We want to know any speak inside the content

In [None]:
matcher = Matcher(nlp.vocab)
pattern = [
    { 'ORTH': "'" },
    { 'IS_ALPHA': True, 'OP': '+' }, # to select all text inside quote
    { 'IS_PUNCT': True, 'OP': '*' }, # to select any or non punc inside quote
    { 'ORTH': "'" }
]
matcher.add('PROPER_NOUN', [pattern], greedy='LONGEST')
doc_m = nlp(text)
matches = matcher(doc_m)
# (id, start_index, end_index)
matches.sort(key = lambda x: x[1])
print(len(matches))
for match in matches[:10]:
    print(match, doc_m[match[1]:match[2]])

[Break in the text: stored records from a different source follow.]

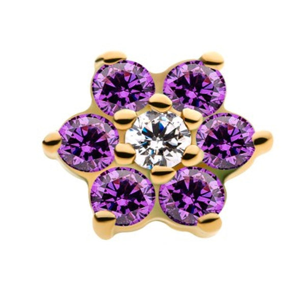 14kt Gold Tri Sepal Amethyst CZ Threadless Top
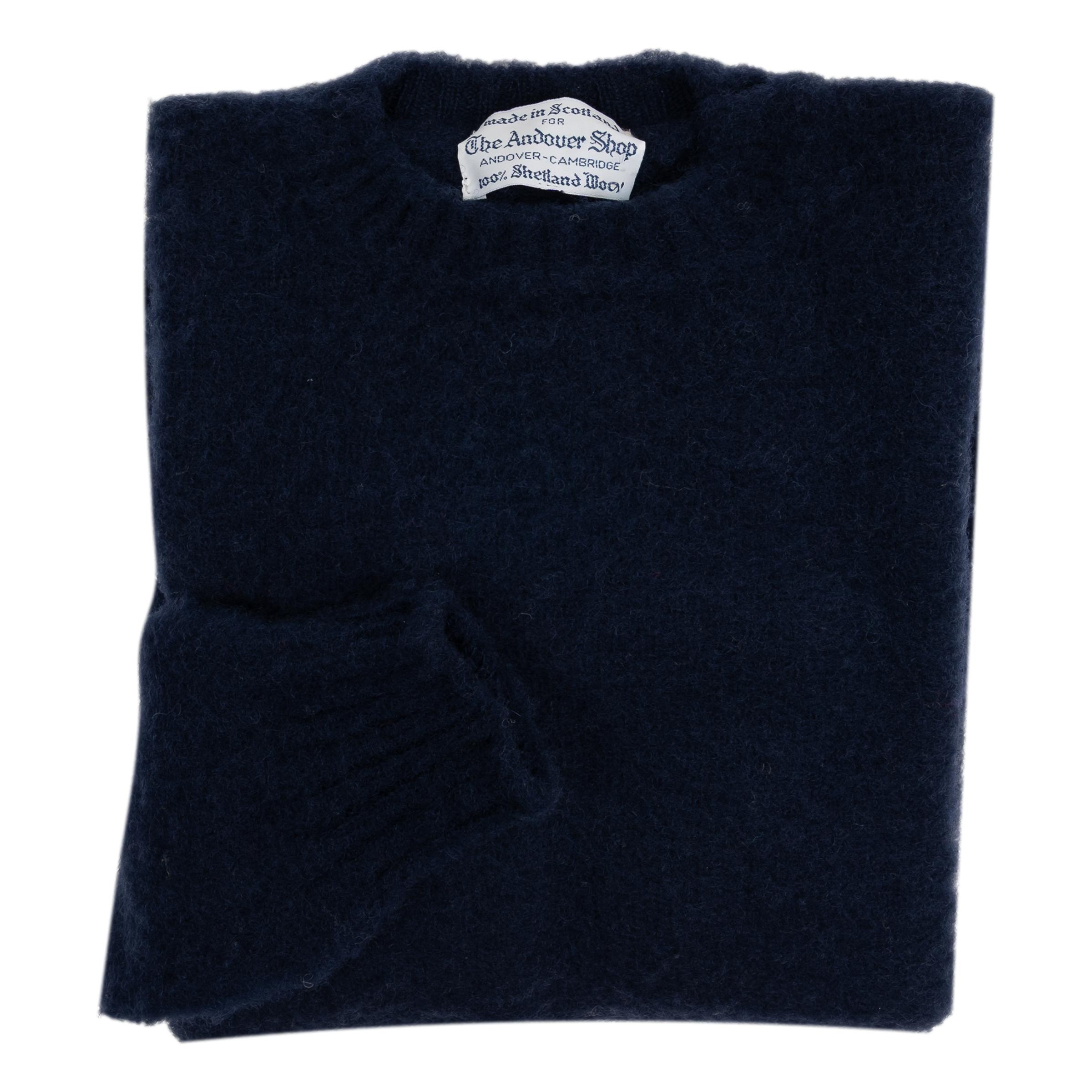 100% Pure Shetland Wool. Made in Scotland for The Andover Shop. This sweater features a ribbed collar and cuffs.
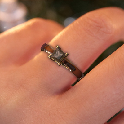 The ring shown above is called the Mia Square, we call this a solitaire ring because it contains a single gemstone. The engagement ring is made in 14 Carat rose gold and has a princess smokey quartz of 4 mm. The cool thing about our configurator is that you can compile your own piece of jewellery, into a completely personalized one. This solitaire ring is crafted in the precious metals rose gold with gold, but of course you are free to pick your own colours. Each piece of jewellery is made by a team of passionate goldsmiths and jewel designers. This will make your crown jewel truly eye-catching.The solitaire ring is a special type of engagement ring. Its open prong setting allows light to strike the gemstone from various angles. This modern engagement ring is a stunning eye-catcher because of the high positioning of the gemstone. In order for you to commemorate your proposal with a unique ring, we carefully adorn this solitaire ring by hand. The love of your life deserves nothing but the best. By using our modern techniques, we can design and customize the finest quality jewels with the utmost care for you. Our engagement rings are always priced 30 percent lower than other jewellers. We make engagement rings to order so we don't have to maintain a large stock. If you have a certain budget, we are more than happy to advice you accordingly.Have you found a specific engagement ring somewhere which you would like to give to your loved one? Please feel free to express your wishes to our jewel designers because we would be honoured to turn your design into a modern engagement ring. You can follow the development of your ring design because we use 3D drawings. This gives you a realistic preview of how your design will look. You can also preorder a dummy. A dummy is a plastic ring, which can be shaped according your ring design. You can try it on and check if its width and size are suitable for you. We will gladly send you a non-binding offer, based on a fair price/ quality ratio. It will amaze you, considering the quality of the ring and gemstones.To make it easier for you, we offer a 30 day return policy. Check our terms and conditions.
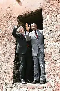 Wade subsequently spent a year in France, returning to Senegal on October 27, 1999.[19][20] In the first round of the 2000 presidential election, held on February 27, he again took second place, receiving 31% of the vote, but for the first time, Diouf did not win a first round majority,[10] and consequently a second round was held on March 19. Wade won this round with 58.49% of the vote,[10][21] having received the support of candidates from the first round, including third place candidate Moustapha Niasse. Wade became President on April 1, 2000 and appointed Niasse as his Prime Minister shortly afterwards.[21] Wade initially cohabited with the PS, which held a majority in the legislature until the PDS and its allies (the Sopi Coalition) won a majority in the April 2001 parliamentary election.
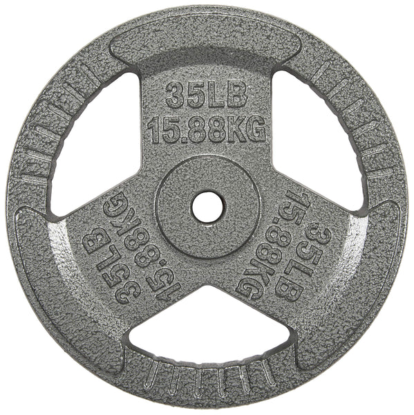 At the core of all weightlifting style strength training are weight plates and will be a welcomed addition to any proper home gym workout equipment setup Strength & conditioning work allows you to build durable muscle in your lower body, core, and upper body Our cast Iron Weight Plates feature both pound and kilogram signage for easy identification and they are finished with a robust layer of enamel that helps mitigate the potential for rust or scratching Additionally, they are designed with Olympic style ergonomic grip that can be carried with relative ease, which can be used as a workout itself called a AFarmers carryA The machined hole allows for a tighter fit on any of our 1A or 2A Barbells However, you may do plate only exercises like the floor press or plate haloAs in a way similar to using dumbbells or kettlebells To start your healthy lifestyle, we recommend adding a barbell or curl bar and a pair clamp collars to the weight set As you progress in your training regimen and become a workout warrior, you can get any of our Sport, Pro, or Elite Series Power cages or Squat Stands to enhance your experience
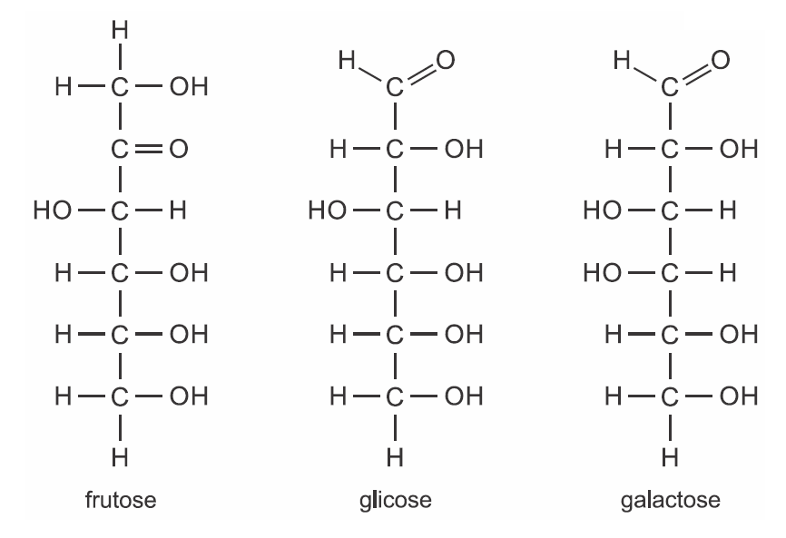 D (UPF 2018) A seguir, estão representadas, por meio da projeção de Fischer, a glicose, a frutose e a galactose.
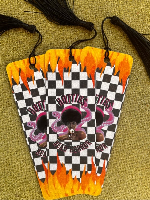 If you love reading horror then this is the perfect bookmark for you! Comes with the image of a tentacled Black horror baddie taking a lick off her eyeball lollipop. There are three total so you can share the love with some friends! Happy reading!
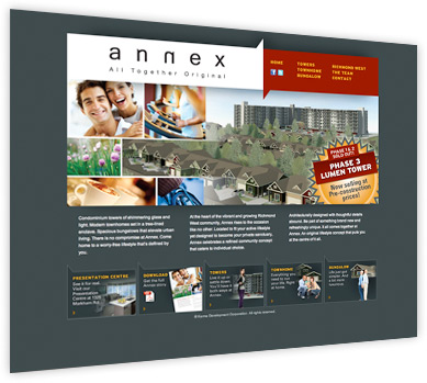 Annex CondosOverview: This project was spearheaded by TAG creative studios. Karen was responsible for the design and development of a website and collateral based on the previously designed Annex logo. The goal was to build the website and collateral to highlight the start of this new development and to generate sales to clients.The final design was prepped and sent to the website developer. Project Responsibilities: The project was a collaborative effort between Karen and TAG creative studios' creative director. TAG provided the photos, copywriting, specs, and project strategy and overview, web architecture, and feedback. Karen's responsibilities included execution of and consultation on the following: website architecture, design and layout; colour, font, and photo selection. The web design was then passed onto the web developer. Web design included: Web design & graphics generation |

Now we can extract the speak, but we also want to know who is the speaker

In [None]:
speak_lemmas = ['think', 'say']
matcher = Matcher(nlp.vocab)
pattern = [
    { 'ORTH': "'" },
    { 'IS_ALPHA': True, 'OP': '+' }, # to select all text inside quote
    { 'IS_PUNCT': True, 'OP': '*' }, # to select any or non punc inside quote
    { 'ORTH': "'" },

    { 'POS': 'VERB', 'LEMMA': { 'IN': speak_lemmas }}, # select a verb follow which is match speak_lemmas (think > thought > thought)
    { 'POS': 'PROPN', 'OP': '+' },

    { 'ORTH': "'" },
    { 'IS_ALPHA': True, 'OP': '+' }, # to select all text inside quote
    { 'IS_PUNCT': True, 'OP': '*' }, # to select any or non punc inside quote
    { 'ORTH': "'" }
]
matcher.add('PROPER_NOUN', [pattern], greedy='LONGEST')
doc_m = nlp(text)
matches = matcher(doc_m)
# (id, start_index, end_index)
matches.sort(key = lambda x: x[1])
print(len(matches))
for match in matches[:10]:
    print(match, doc_m[match[1]:match[2]])

In [None]:
for text in data:
    text = text.replace('`', "'")
    doc_m = nlp(text)
    matches = matcher(doc_m)
    print(len(matches))
    matches.sort(key = lambda x: x[1])
    for match in matches[:10]:
        print (match, doc_m[match[1]:match[2]])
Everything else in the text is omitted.